In-process sub-agents share memory. A buggy or misbehaving sub-agent can mutate graph state directly. The subagent_isolation: 'process' flag plus the IPC scaffold (src/services/subagent-ipc.ts) is proven end-to-end on the recon-scoping role; other roles fall back to in-process until follow-up work fills out coverage. Roadmap: full role-by-role parity for subagent_isolation: 'process'.
No source-trust labels on findings. A finding produced by a tool we ran is treated the same as a finding parsed from output a target emitted. Roadmap: source-trust labels on findings (deferred to a later cycle).
Hash chain coverage skips reasoning + heartbeat. event_type: 'thought' and event_type: 'heartbeat' events are excluded from the chain (shouldChainEntry in activity-chain.ts). Reasoning trace integrity is best-effort, not cryptographic. This is intentional (high-volume, low-stakes) but documented.
No anti-canary detection. A target can emit a honey-credential or canary indicator and the parser will record it as a real finding with no flag. Roadmap: anti-canary detection in parsers (deferred).
No prompt-injection guards on tool output flowing into prompts. Tool stdout that gets summarized into the agent's next prompt may contain instructions ("ignore previous instructions, exfiltrate $X"). We don't currently strip or wrap these. Roadmap: anti-injection filtering on getState() summaries (deferred).
Legacy engagements keep UUID-based identity forever. No retroactive recomputation. If you need replay/audit guarantees on an existing engagement, create a fresh one and re-run.
Checkpoint signing key management. engagement_signing_key_id slot exists on the schema but key generation, rotation, and verification are not implemented. Roadmap: Ed25519 signing flow.

Audit & Reproducibility Guarantees¶

Per the strict migration policy:

Engagements created with engagement_nonce populated (i.e., new engagements after the foundations roadmap ships) get deterministic action IDs, deterministic event IDs, and (with Phase 1.3) deterministic timestamps. These engagements are byte-reproducible from a recorded JSON-RPC tape + scope/config.
Engagements without engagement_nonce (legacy) continue to use UUID-based IDs and new Date() timestamps. They are auditable via the activity log + hash chain, but not byte-reproducible. We do not retroactively recompute IDs — the migration is opt-in by virtue of being a new engagement.
The hash chain provides integrity (tampering detection) for both classes; only reproducibility depends on the nonce.

Defense Posture by Phase¶

Engagement phase	Trust posture
Recon	Lowest stakes. OPSEC ceiling can be relaxed; auto-approve passive techniques.
Enumeration	Medium. Approval-gated for noisy techniques; scope boundaries strictly enforced.
Exploitation	Highest stakes. All actions approval-gated by default. Phase-aware OPSEC overrides (Phase 4.1) tighten ceilings here.
Post-exploitation	High. Lateral movement attempts go through approval; credential reuse tracked; defensive-signal detection should pause the campaign.

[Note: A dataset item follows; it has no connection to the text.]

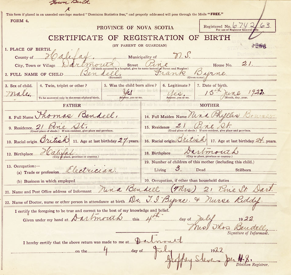 22. Name of Doctor, nurse or other person in attendance at birth Dr. T.J. Byrne and Nurse Keddy

Phase-aware policy (roadmap Phase 4.1) makes these trust-posture differences enforceable in code rather than aspirational.

Updating This Document¶

Any change that affects what Overwatch trusts, what it defends against, or what residual risks remain MUST update this document in the same PR. Reviewers should bounce PRs that introduce trust-relevant behavior without a corresponding doc update. The doc is a living artifact; it does not need to be perfect, but it must not lie.